Take the lines below from the one with "- Connect the" through the one with "Oftalmologista Olho Cartão" and retype them exactly. Include nothing else, and no pictures.

------------------------------------------------------------------------

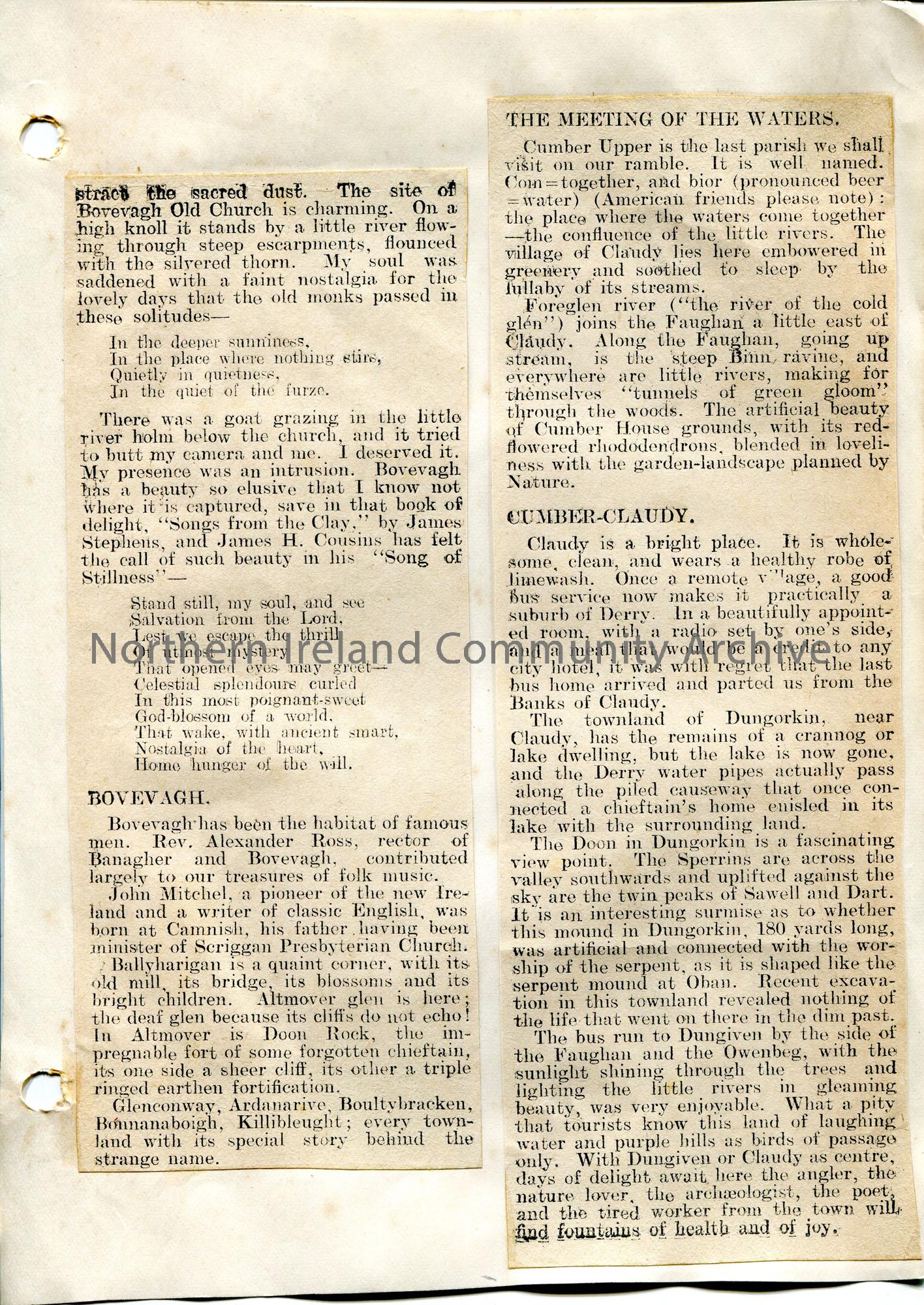 Page 2 of 2. Article cut from newspaper and pasted to page. No title. Re Dungiven. Refers to the banshee of the O'Cahans, Grania Roe; the witch Maeve of Bovevagh; Bovevagh Old Church and Claudy.
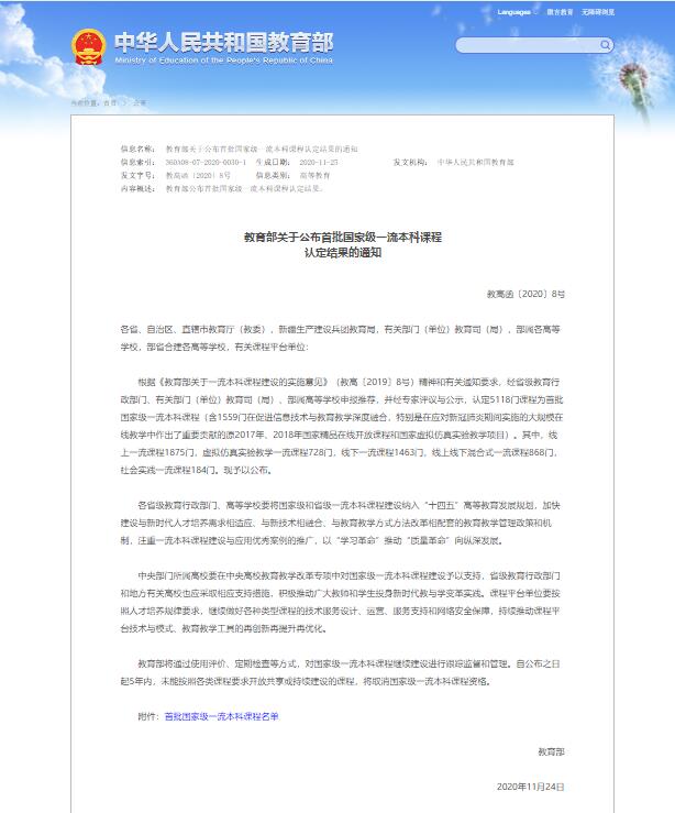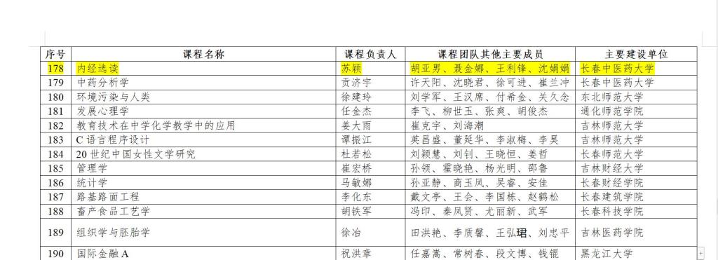 2020年11月24日,国家教育部网站发布了国家级一流本科课程认定结果的通知,公告了国家级一流本科课程名单,公司《内经选读》课程被评为国家级一流本科课程。
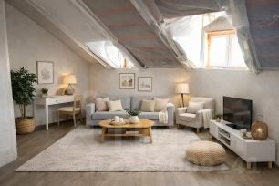 * Высокие потолки и большие окна, наполняющие комнату светом.
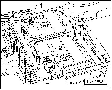 - Connect the ground cable - 1 - to the battery negative terminal and tighten the mounting bolt to the specification shown in => [ Battery Overview ] Battery Overview.
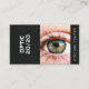 Oftalmologista Olho Cartão de visita negro é um perfeito design moderno e minimalista que é simples de se servir. O foco ampliado do olho representa o oftalmologista e optometrista e, com o fundo preto de ambos os lados, pretende fazer um efeito focal do assunto principal.
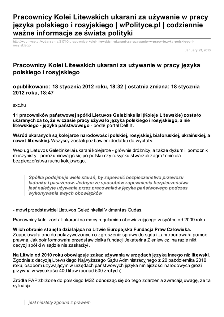 Pracownicy Kolei Litewskich ukarani za używanie w pracy języka polskiego i rosyjskiego | wPolityce.pl | codziennie ważne informacje ze świata polityki http://wpolityce.pl/wydarz enia/21710- pracownicy- kolei- litewskich- ukarani- z a- uz ywanie- w- pracy- jez yka- polskiego- irosyjskiego January 23, 2013 Pracownicy Kolei Litewskich ukarani za używanie w pracy języka polskiego i rosyjskiego opublikowano: 18 stycznia 2012 roku, 18:32 | ostatnia zmiana: 18 stycznia 2012 roku, 18:47 sxc.hu 11 pracowników państ wowej spółki Liet uvos Geleżinkeliai (Koleje Lit ewskie) zost ało ukaranych za t o, że w czasie pracy używało języka polskiego i rosyjskiego, a nie lit ewskiego - języka państ wowego - podał portal Delfi.lt. Wśród ukaranych są kolejarze narodowości polskiej, rosyjskiej, białoruskiej, ukraińskiej, a nawet lit ewskiej. Wszyscy zostali pozbawieni dodatku do wypłaty. Według Lietuvos Geleżinkeliai ukarani kolejarze - głównie dróżnicy, a także dyżurni i pomocnik maszynisty - porozumiewając się po polsku czy rosyjsku stwarzali zagrożenie dla bezpieczeństwa ruchu kolejowego. Spółka podejmuje wiele starań, by zapewnić bezpieczeństwo przewozu ładunku i pasażerów. Jednym ze sposobów zapewnienia bezpieczeństwa jest należyte używanie przez pracowników języka państwowego podczas wykonywania swych obowiązków - mówi przedstawiciel Lietuvos Geleżinkeliai Vidmantas Gudas. Pracownicy kolei zostali ukarani na mocy regulaminu obowiązującego w spółce od 2009 roku. W ich obronie st anęła działająca na Lit wie Europejska Fundacja Praw Człowieka. Zaapelowała ona do pokrzywdzonych o zgłoszenie sprawy do sądu i zaproponowała pomoc prawną. Jak poinformowała przedstawicielka fundacji Jekaterina Zieniewicz, na razie nikt decyzji spółki w sądzie nie zaskarżył. Na Lit wie od 2010 roku obowiązuje zakaz używania w urzędach języka innego niż lit ewski. Zgodnie z decyzją Litewskiego Najwyższego Sądu Administracyjnego z 20 października 2010 roku, osobom używającym w urzędach państwowych języka mniejszości narodowych grozi grzywna w wysokości 400 litów (ponad 500 złotych). Źródła PAP zbliżone do polskiego MSZ odnosząc się do tego zdarzenia zwracają uwagę, że ta sytuacja jest niestety zgodna z prawem. Według tych źródeł, podejście strony litewskiej, które jest pełne nieuzasadnionych obaw wobec używania języka ojczystego mniejszości narodowych mieszkających na Litwie sprawia, że wbrew zaleceniom Konwencji ramowej Rady Europy o Ochronie Mniejszości Narodowych oraz Europejskiej karty języków regionalnych lub mniejszościowych - której Litwa w ogóle nie podpisała - coraz częściej słyszymy o karaniu władz lokalnych za podwójne litewskie i polskie nazwy ulic, przewoźników za podwójne nazwy miejscowości. Czy jak ostatnio pracowników kolei litewskich za posługiwanie się w pracy językiem polskim, rosyjskim czy białoruskim - podkreśla rozmówca. Ta dziwna sytuacja zgodna jest niestety z litewskim prawem. Przed trzema laty zniesiono ustawę o mniejszościach, zaś Ustawą o języku państwowym zalegalizowano monopol języka litewskiego w oficjalnym życiu państwa i społeczeństwa - zaznacza źródło. Jest to stan niezgodny z rozwiązaniami przyjętymi w wielu krajach europejskich, w tym w Polsce i zarówno polska mniejszość narodowa na Litwie, jak i władze polskie wielokrotnie przeciw temu protestowały - podkreśla. PAP, mall Zainteresował Cię artykuł? zespół wPolityce.pl kategorie: tagi: język Litwa
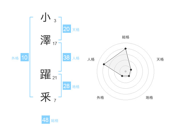 小澤 躍釆さんを姓名の画数から五運を鑑定
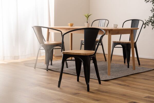 MITASインテリアのアームチェアダイニングチェアは、そのシンプルでスタイリッシュなデザインが魅力的です。ブラックのカラーリングがどんなインテリアにも馴染み、モダンな印象を与えます。アームレストが備わっており、リラックスした姿勢で食事や会話を楽しむことができます。
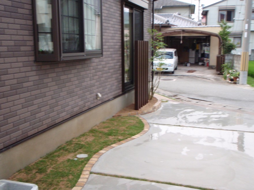 少しでも緑のスペースが欲しとのことでしたので車の乗り降りに支障がないぎりぎりまで芝生を植えました。
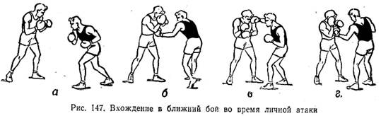 Вхождение в ближний бой во время личной атаки прямыми, боковыми и ударами снизу боксеры осуществляют:
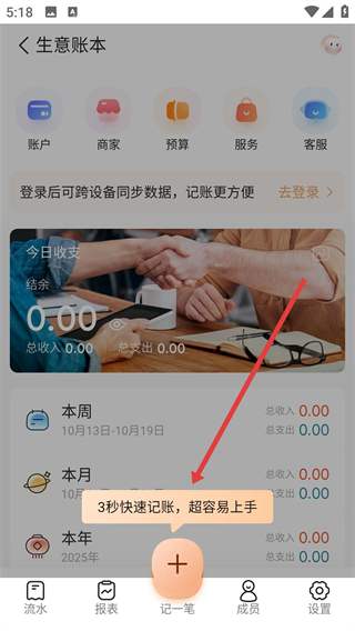 4、進(jìn)入具體的賬本比如生意賬本,看到賬戶、商家等功能入口,以及今日收支、本周、本月等收支統(tǒng)計,點擊記一筆,即可進(jìn)行記賬操作。

------------------------------------------------------------------------

→ TASK RESULT
 - Connect the ground cable - 1 - to the battery negative terminal and tighten the mounting bolt to the specification shown in => [ Battery Overview ] Battery Overview.
 Oftalmologista Olho Cartão de visita negro é um perfeito design moderno e minimalista que é simples de se servir. O foco ampliado do olho representa o oftalmologista e optometrista e, com o fundo preto de ambos os lados, pretende fazer um efeito focal do assunto principal.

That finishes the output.